Reserve Officers’ Training Corps

Since the 1970s, Gustavus has been a cross-enrollment partner in the Reserve Officers’ Training Corps (Army ROTC) battalion hosted at Minnesota State University, Mankato. This partnership also includes Bethany Lutheran College in Mankato. Minnesota State University, Mankato, offers either a two- or four-year program enabling students/cadets to compete for a commission as an officer in the United States Army, Army Reserve, or Army National Guard. College credit is awarded for the courses in the program. However, the military science program is not an academic major.

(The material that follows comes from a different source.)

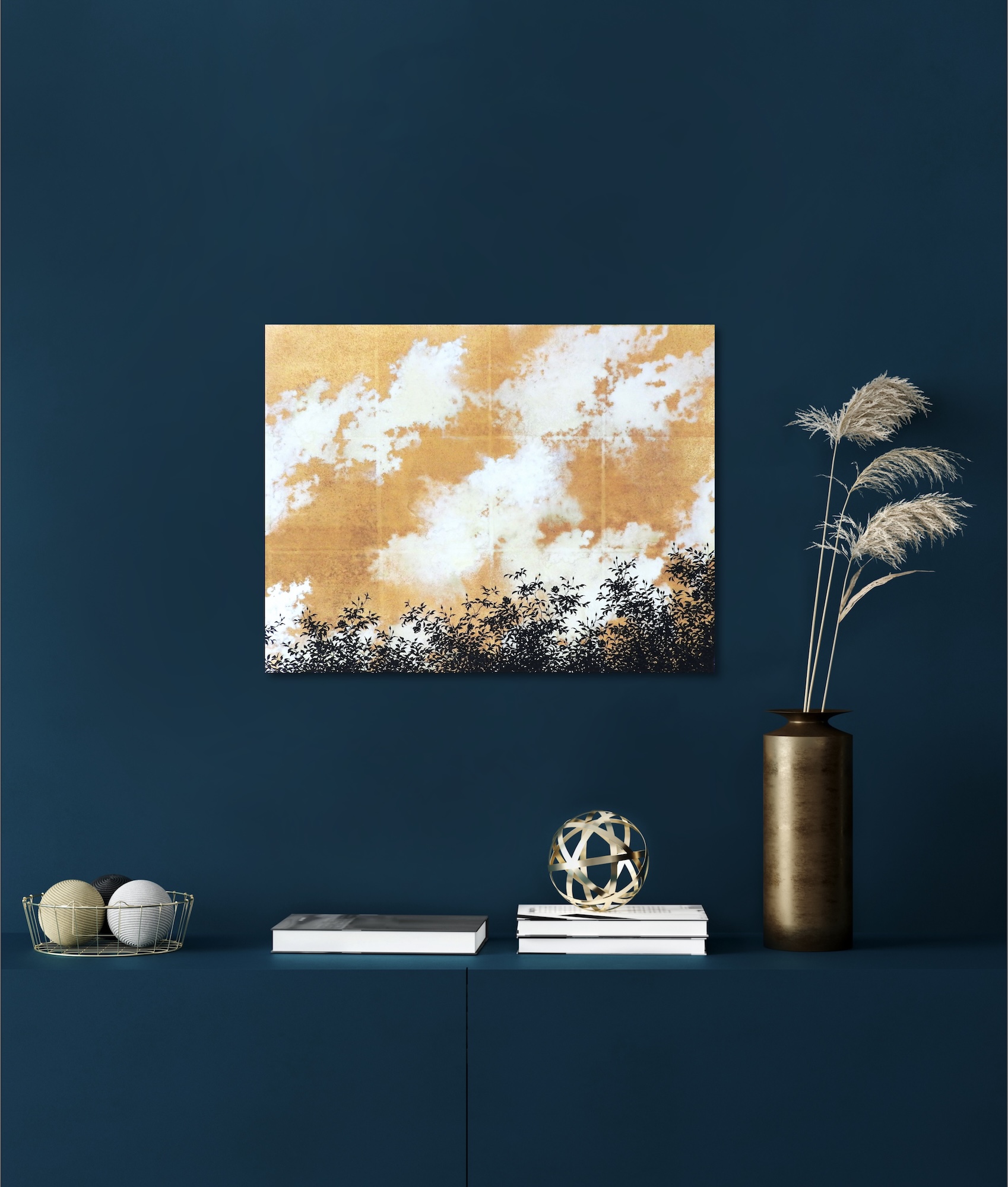 “Our lives are like clouds adrift in the boundless sky, surrendered to the wind and never the same shape, vanishing at last into the air. Gold is the symbol of wealth, which is also never permanent. Through life experiences, our soul becomes enriched, shaping and transforming our personality over time, just as clouds are never stable but are in constant motion.” Shoko Okumura

Students must complete an academic major in another area in addition to the military science requirements. (Historically, Gustavus students in the program have selected a variety of majors, including Political Science, Management, Communication Studies, and Religion.) Participating Gustavus students transfer 2–3 semester credits per term from Mankato. The ROTC is operated under Department of Defense policies and regulations that are inconsistent with Gustavus’s policy of nondiscrimination with regard to sexual orientation. Students should be aware that the military could require repayment of scholarship funds if they are discharged from the ROTC as a result of their sexual orientation. For information, contact the Gustavus Career Center or the MSU Military Science Department at 507-389-6226.

Veterinary Medicine

Admission requirements vary with schools, but most include the courses required by the University of Minnesota. Listed here are the Gustavus courses needed to meet these requirements:

  • Biology—BIO-101, BIO-102, BIO-201, BIO-202, either BIO-241 or 242, BIO-374 and BIO-380.
  • Chemistry—CHE-107, CHE-141, CHE-251, CHE-255, CHE-258.
  • Mathematics—MCS-118/119 or MCS-121.
  • Physics—PHY-120/121 and PHY-170/171 or PHY-122/121 and PHY-172/171.
  • English composition (met by completion of the Gustavus Writing Requirement)
    Recommended electives include Communications.